Take a look at the chart below. You can see the whales’ substantial increase in buying this month.
This isn’t necessarily an “all clear” signal for the market. But the increase in buying is certainly an encouraging sign.
***Even more bullish tailwinds lining up
We’re running long, so we won’t delve into additional reasons to be excited that Charlie highlights in his issue.
But quickly noting them, there’s something called the Puell Multiple that is flashing a buy signal. This is an indicator that offers potential “buy” and “sell” zones for bitcoin, based on bitcoin supply by miners and their revenue.
There’s also “The B Word” which is an online conference that will take place on July 21 and feature Twitter CEO, Jack Dorsey, and other notable speakers. This will bring bitcoin even further into mainstream light, focusing on how institutions can adopt it.

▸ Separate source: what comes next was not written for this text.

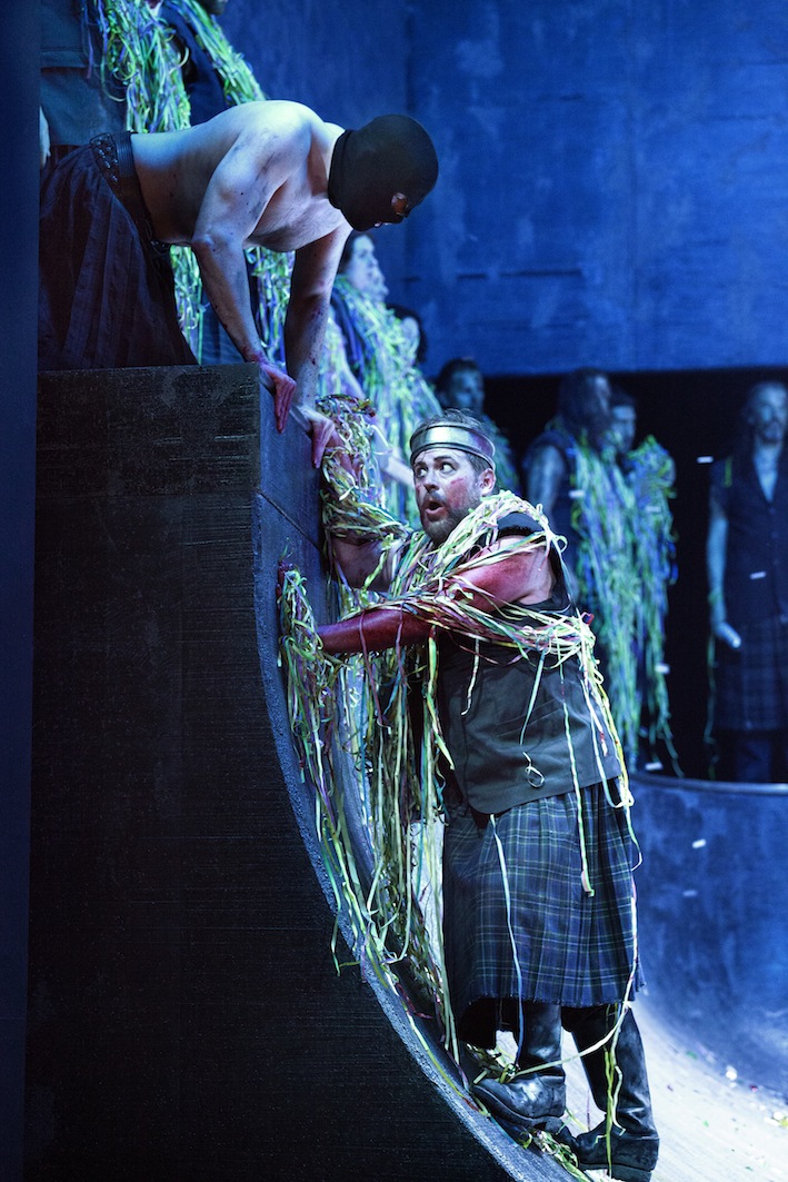 Notevole il lavoro fatto da Thalheimer sui cantanti, tutti trasformati in ottimi attori. A cominciare dal baritono Craig Colclough, capace di scolpire un protagonista di grande carica espressiva: voce non troppo tonda e nell’insieme avara di legato, ma accenti sempre incisivi, in grado di dare la percezione dell’inarrestabile discesa di Macbeth lungo la china del male. Accanto a lui, ottima interprete anche Katia Pellegrino (chissà per quali ragioni la cantante pugliese non lavora più in Italia?): è impressionante come dà avvio al brindisi battendo i piedi al suolo. Le sue caratteristiche da soprano lirico non sembrerebbero ideali per Lady Macbeth: sfodera, invece, un’insospettata temperatura drammatica grazie a una notevole sicurezza nel registro superiore e, al contempo, alla capacità di trasformare le discese al grave quasi in uno Sprechgesang dai colori spettrali. Infine s’impone il Banco di Tareq Nazm, per i grandi mezzi d’una voce di basso sempre ben timbrata, che nel duetto con Macbeth riesce ad assumere un peso da autentico deuteragonista. All’altezza dei ruoli sia il tenore Najmiddin Mavlyanov (Macduff), che nella sua aria Ah! La paterna mano ha mostrato solidità e adesione alle indicazioni della scrittura verdiana, sia il secondo tenore Michael J. Scott (Malcom) in grado di non sfigurare nel duetto con il collega. E se un po’ incolore è invece apparso Donald Thomson in veste di medico, apprezzabile Chia-Fen Wu come dama di Lady Macbeth: testimoni esterrefatti al suo spegnimento.

Then there’s additional traction from payments processors. For example, earlier this year, Visa moved into the crypto space. Last week, it announced it had already handled $1 billion in related transactions.
Bottom line, yes, this pullback hurts. But no, the reasons for being a crypto investor haven’t diminished – in fact, they’re only strengthening.
I’ll end by quoting Charlie, writing to his Crypto Investor Network subscribers. I hope it encourages all crypto investors out there:
It’s all coming together, folks.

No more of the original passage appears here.